What is being asked: What is needed is an exact copy of every line from the one with "Silikónové hryzátko na" to the end of the entries below, without the pictures.
((
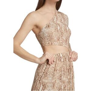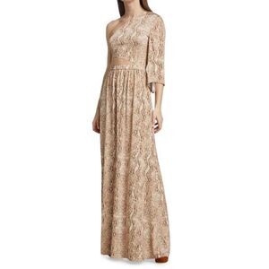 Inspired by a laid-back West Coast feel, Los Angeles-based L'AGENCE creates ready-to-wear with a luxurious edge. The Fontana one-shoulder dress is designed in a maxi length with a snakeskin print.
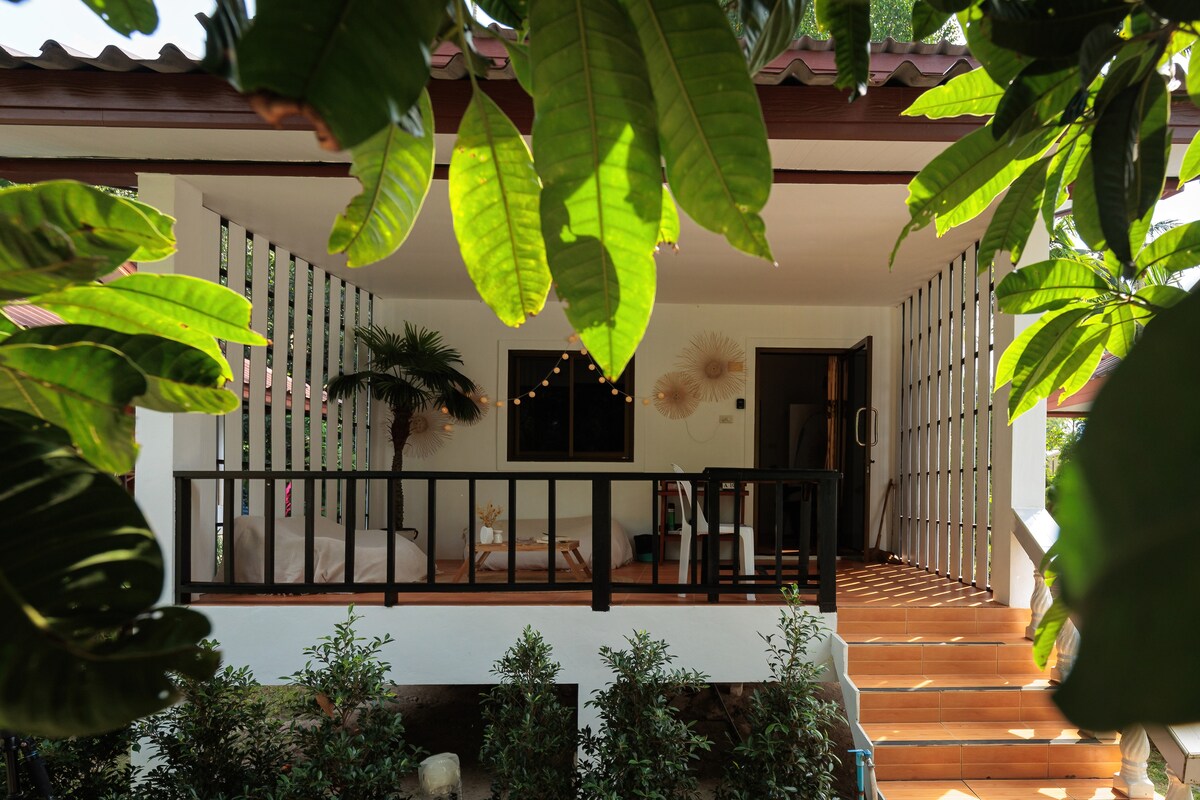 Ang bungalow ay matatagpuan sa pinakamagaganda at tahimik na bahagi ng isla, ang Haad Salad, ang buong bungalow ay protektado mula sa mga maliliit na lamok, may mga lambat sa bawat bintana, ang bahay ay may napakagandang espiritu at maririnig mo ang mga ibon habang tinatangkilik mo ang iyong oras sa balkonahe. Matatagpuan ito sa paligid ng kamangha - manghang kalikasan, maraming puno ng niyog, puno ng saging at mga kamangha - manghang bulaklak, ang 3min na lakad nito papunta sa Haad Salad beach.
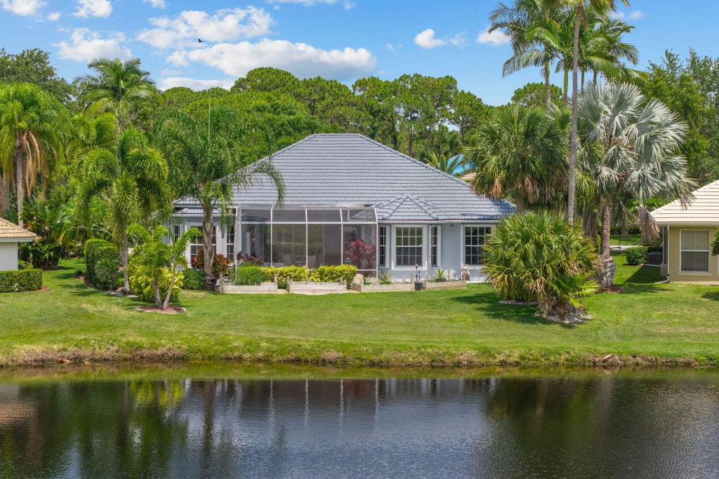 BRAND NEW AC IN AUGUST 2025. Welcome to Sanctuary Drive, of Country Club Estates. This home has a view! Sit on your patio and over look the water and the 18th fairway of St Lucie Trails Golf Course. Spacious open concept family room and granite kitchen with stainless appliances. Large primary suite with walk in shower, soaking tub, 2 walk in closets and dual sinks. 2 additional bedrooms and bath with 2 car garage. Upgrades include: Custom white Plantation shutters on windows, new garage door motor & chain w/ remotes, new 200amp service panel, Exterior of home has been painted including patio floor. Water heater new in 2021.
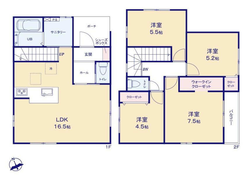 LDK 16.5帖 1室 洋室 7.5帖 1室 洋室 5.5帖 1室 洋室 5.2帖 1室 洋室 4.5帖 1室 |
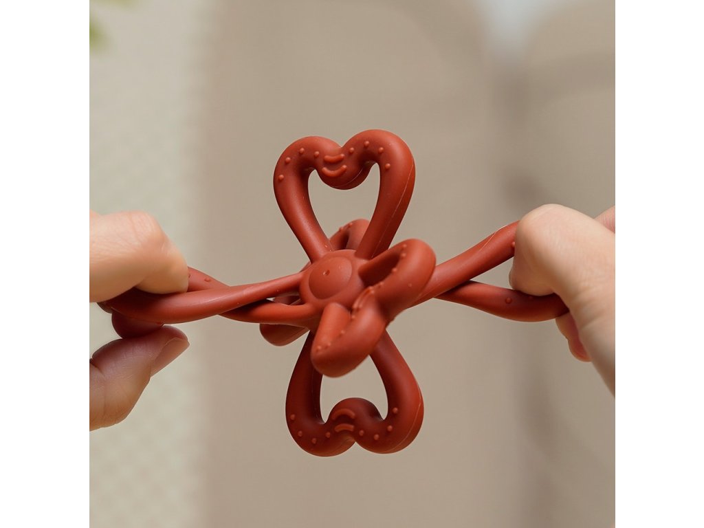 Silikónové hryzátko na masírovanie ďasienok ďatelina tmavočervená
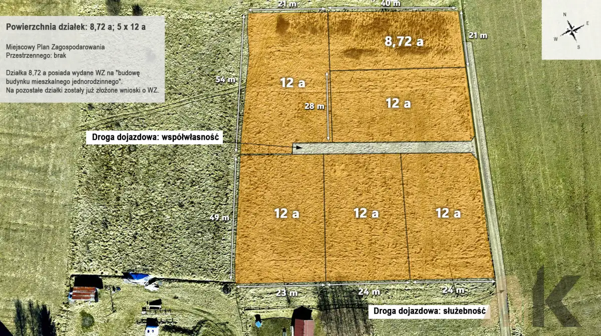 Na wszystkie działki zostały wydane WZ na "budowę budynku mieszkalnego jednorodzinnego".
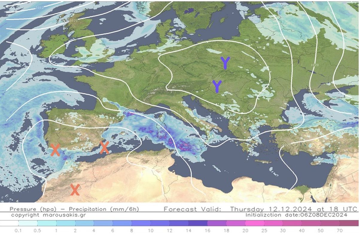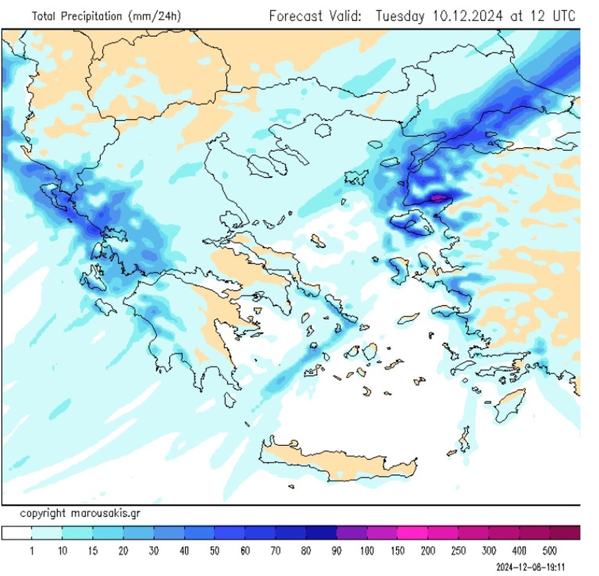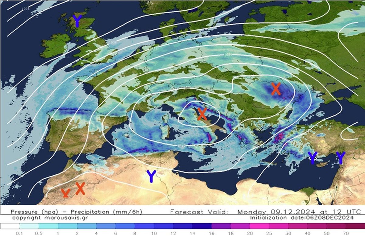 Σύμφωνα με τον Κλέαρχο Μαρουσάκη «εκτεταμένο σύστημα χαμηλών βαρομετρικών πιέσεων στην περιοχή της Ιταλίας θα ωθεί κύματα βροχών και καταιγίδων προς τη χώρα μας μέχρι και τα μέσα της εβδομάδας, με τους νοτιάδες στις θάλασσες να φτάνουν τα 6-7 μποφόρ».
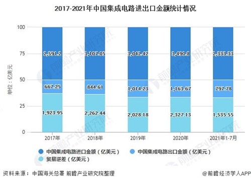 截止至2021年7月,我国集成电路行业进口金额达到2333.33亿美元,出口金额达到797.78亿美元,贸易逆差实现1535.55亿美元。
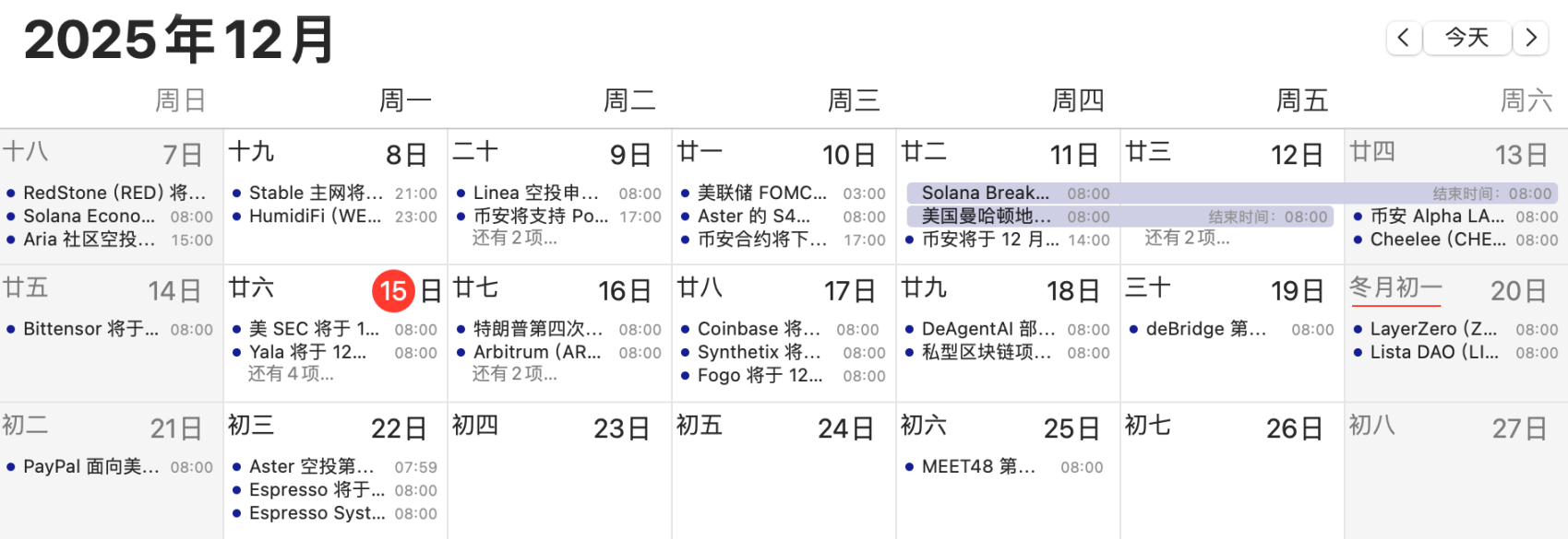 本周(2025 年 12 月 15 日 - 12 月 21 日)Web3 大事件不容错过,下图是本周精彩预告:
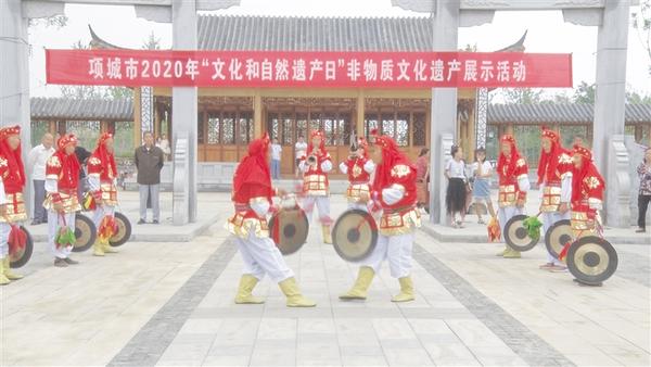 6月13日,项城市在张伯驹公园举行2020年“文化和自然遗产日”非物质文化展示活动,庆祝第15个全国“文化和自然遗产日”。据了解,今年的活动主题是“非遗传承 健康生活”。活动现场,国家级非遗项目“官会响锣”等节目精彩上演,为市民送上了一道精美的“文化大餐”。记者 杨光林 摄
))
Result for this exercise:
 Silikónové hryzátko na masírovanie ďasienok ďatelina tmavočervená
 Na wszystkie działki zostały wydane WZ na "budowę budynku mieszkalnego jednorodzinnego".
 Σύμφωνα με τον Κλέαρχο Μαρουσάκη «εκτεταμένο σύστημα χαμηλών βαρομετρικών πιέσεων στην περιοχή της Ιταλίας θα ωθεί κύματα βροχών και καταιγίδων προς τη χώρα μας μέχρι και τα μέσα της εβδομάδας, με τους νοτιάδες στις θάλασσες να φτάνουν τα 6-7 μποφόρ».
 截止至2021年7月,我国集成电路行业进口金额达到2333.33亿美元,出口金额达到797.78亿美元,贸易逆差实现1535.55亿美元。
 本周(2025 年 12 月 15 日 - 12 月 21 日)Web3 大事件不容错过,下图是本周精彩预告:
 6月13日,项城市在张伯驹公园举行2020年“文化和自然遗产日”非物质文化展示活动,庆祝第15个全国“文化和自然遗产日”。据了解,今年的活动主题是“非遗传承 健康生活”。活动现场,国家级非遗项目“官会响锣”等节目精彩上演,为市民送上了一道精美的“文化大餐”。记者 杨光林 摄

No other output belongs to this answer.